- Task directions -
Print, word for word, the line containing "SUITE D - LEVEL 2" and all lines beneath it to the end of the entries below. Pictures do not belong in the copy.

- Extracted data -
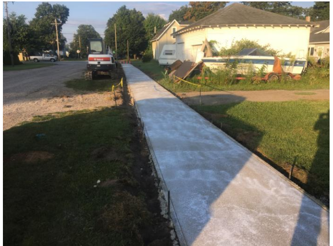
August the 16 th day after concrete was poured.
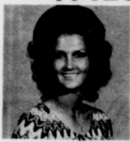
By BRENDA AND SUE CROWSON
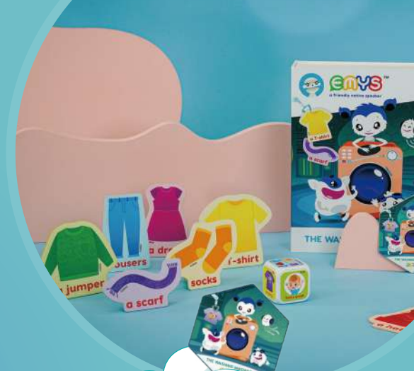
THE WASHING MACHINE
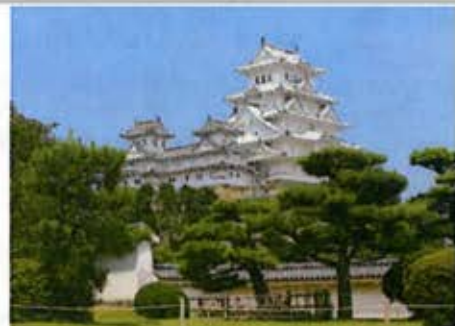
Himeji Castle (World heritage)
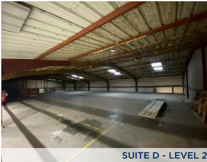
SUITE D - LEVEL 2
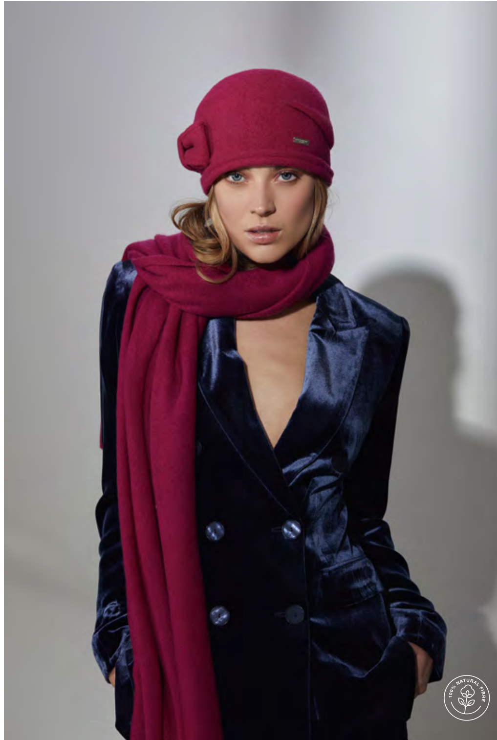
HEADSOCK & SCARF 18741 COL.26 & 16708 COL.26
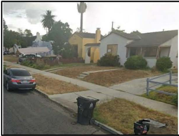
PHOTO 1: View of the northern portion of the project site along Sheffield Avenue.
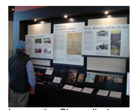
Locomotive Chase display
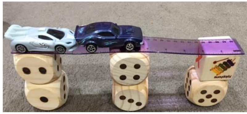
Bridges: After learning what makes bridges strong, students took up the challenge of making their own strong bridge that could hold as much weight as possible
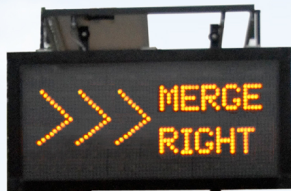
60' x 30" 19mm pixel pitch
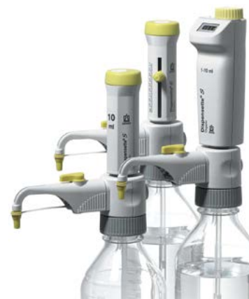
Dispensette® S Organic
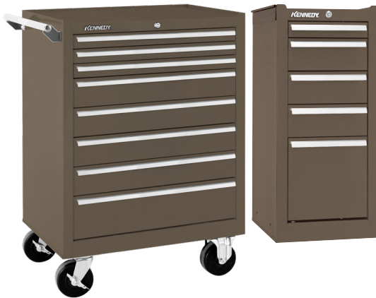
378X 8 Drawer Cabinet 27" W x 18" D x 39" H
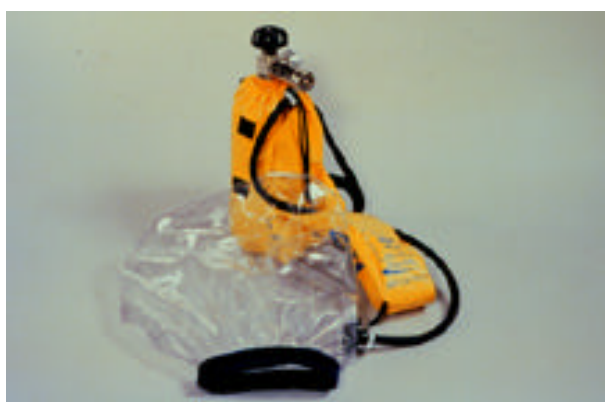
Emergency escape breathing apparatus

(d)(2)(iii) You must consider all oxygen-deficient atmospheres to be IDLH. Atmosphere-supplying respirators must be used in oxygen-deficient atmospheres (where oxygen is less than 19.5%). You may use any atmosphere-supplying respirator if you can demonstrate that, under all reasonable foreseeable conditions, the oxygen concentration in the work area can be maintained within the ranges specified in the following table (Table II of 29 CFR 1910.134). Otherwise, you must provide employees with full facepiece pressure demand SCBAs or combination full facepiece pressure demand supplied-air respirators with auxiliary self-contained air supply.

- Answer for the task -
SUITE D - LEVEL 2
HEADSOCK & SCARF 18741 COL.26 & 16708 COL.26
PHOTO 1: View of the northern portion of the project site along Sheffield Avenue.
Locomotive Chase display
Bridges: After learning what makes bridges strong, students took up the challenge of making their own strong bridge that could hold as much weight as possible
60' x 30" 19mm pixel pitch
Dispensette® S Organic
378X 8 Drawer Cabinet 27" W x 18" D x 39" H
Emergency escape breathing apparatus

(d)(2)(iii) You must consider all oxygen-deficient atmospheres to be IDLH. Atmosphere-supplying respirators must be used in oxygen-deficient atmospheres (where oxygen is less than 19.5%). You may use any atmosphere-supplying respirator if you can demonstrate that, under all reasonable foreseeable conditions, the oxygen concentration in the work area can be maintained within the ranges specified in the following table (Table II of 29 CFR 1910.134). Otherwise, you must provide employees with full facepiece pressure demand SCBAs or combination full facepiece pressure demand supplied-air respirators with auxiliary self-contained air supply.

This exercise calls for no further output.